About tensor core's flops/clk and wmma shape?

I read this blog: Programming Tensor Cores in CUDA 9 | NVIDIA Technical Blog

Each Tensor Core performs 64 floating point FMA mixed-precision operations per clock.
The FP16 multiply results in a full-precision result that is accumulated in FP32 operations with the other products in a given dot product for a 4x4x4 matrix multiply

Q1: Is it same for every generation of Tensor core to perform 64 FFMA/clck, if not, is there any link to let me get the detailed information about FFMAs per clock for each TC and its shape?

During program execution, multiple Tensor Cores are used concurrently by a full warp of execution. The threads within a warp provide a larger 16x16x16 matrix operation to be processed by the Tensor Cores.

Q2: From programmer view, wmma provide 16x16x16 matrix operation, is that same for all CUDA versions?

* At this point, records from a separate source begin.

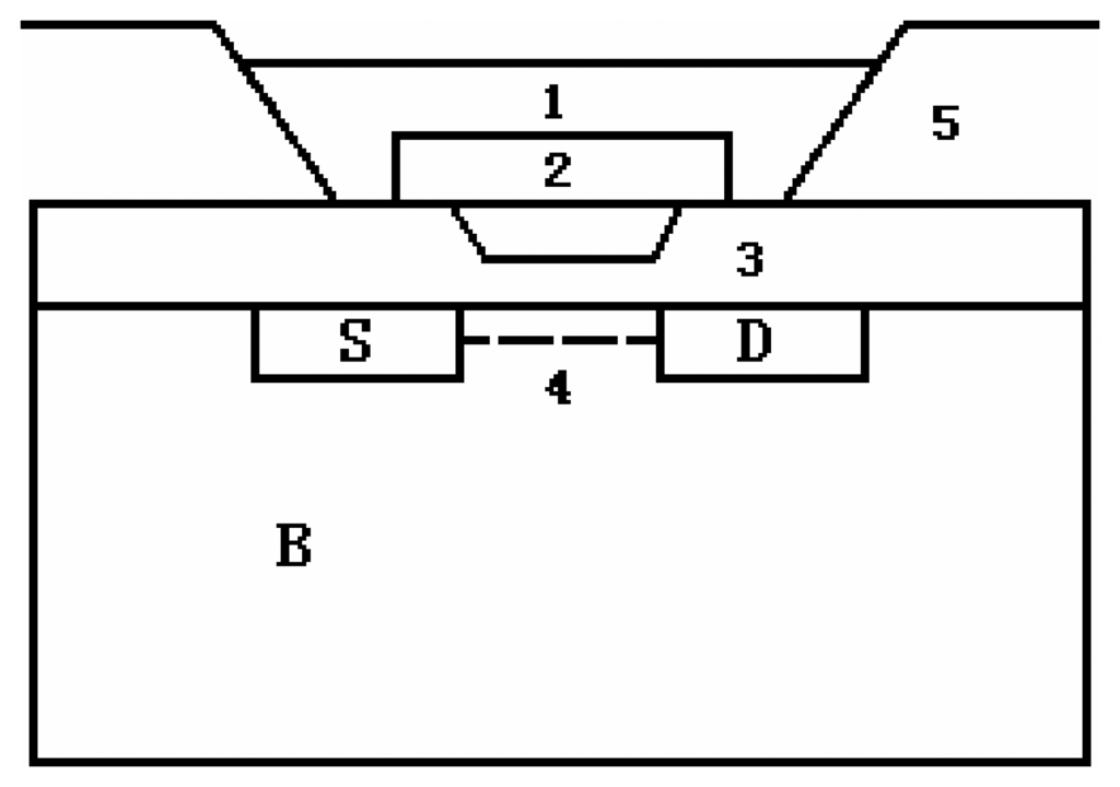 Structure of ISFET. S: source; D: drain; B: p-silicon; 1- drug sensitive membrane; 2 - Si3N4; 3 - SiO2; 4 - n-channel; 5 - silicone rubber.
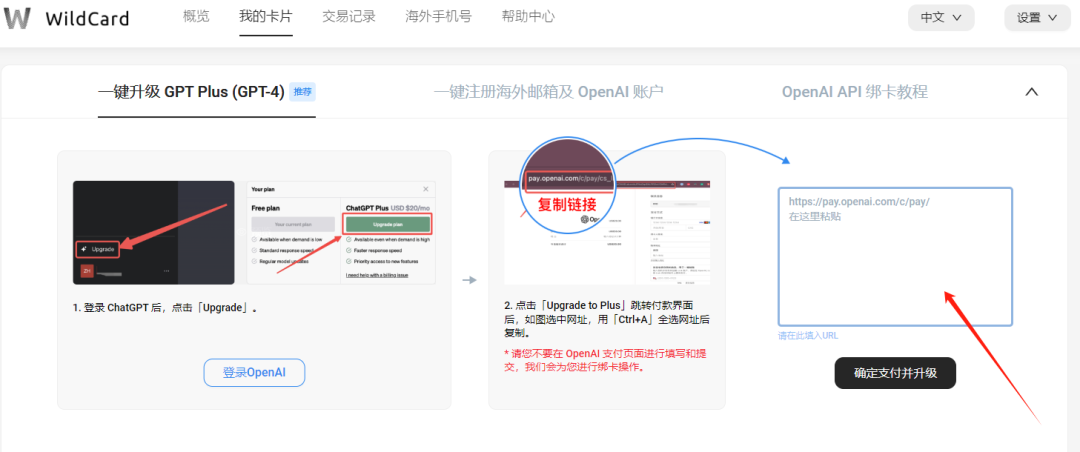 BeWildCard这个平台,提供了开卡、注册、升级一条龙功能,注册 ChatGPT 需要的所有工具都能在这里找到,帮我们节省了很大的时间和精力。
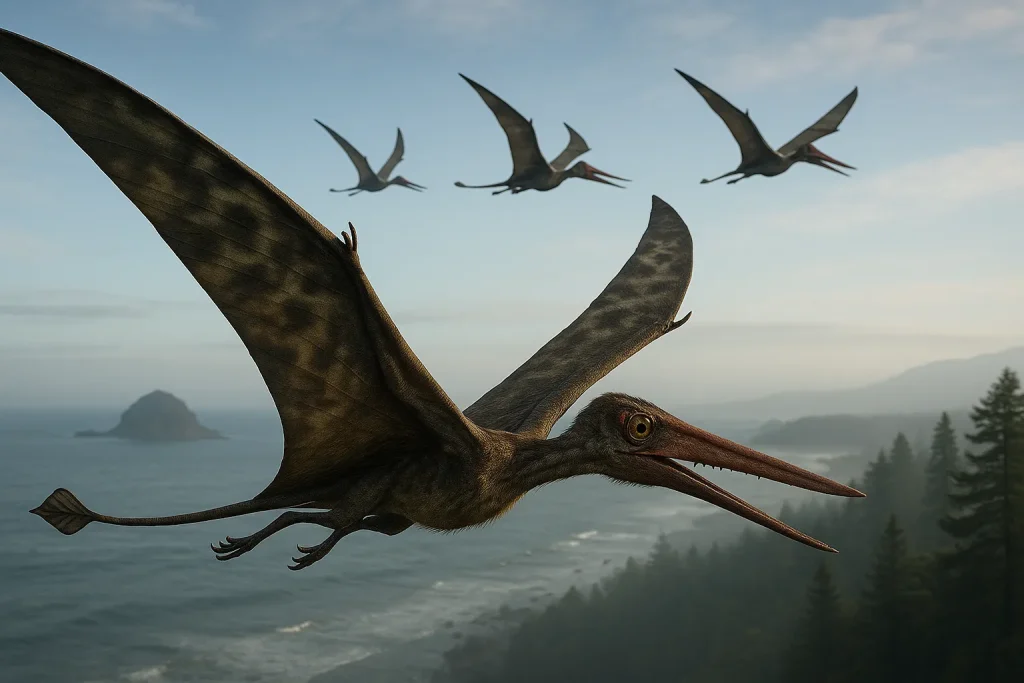 その頭上の空を、まるで別世界のように支配していたのが――「翼竜」です。

No its not the same. This post covers some related calculations and links. I don’t have any comments about the relationship between throughput and shape, but if I were guessing, I would assume it would be the (inverse) ratio of the flops per op, times the base throughput (TC flops/clk)

If it were me, I wouldn’t tie this to “CUDA versions” which to me means things like CUDA 10.x, CUDA 11.x, etc. i.e. software versions. I don’t know of any connection between shape support and CUDA software version per-se (although there is an obvious connection, because supporting newer GPU architectures requires newer minimum CUDA versions.)

The connection is to GPU architecture primarily, AFAIK. So newer architectural generations may offer additional shapes, compared to older architectural generations. To get a sense of this, you could take one of the matrix-multiply instructions at the PTX level, and see what shapes were “introduced” based on architectural generation. For example the mma instruction, scroll down to to the “Target ISA Notes”. We can see in general such instructions required cc7.0 minimum. For that particular instruction, it appears that the only shape offered for cc7.0 was 8x8x4. For that instruction, cc7.5 (Turing) added a 16x8x8 shape/option for f16 work, to pick one example.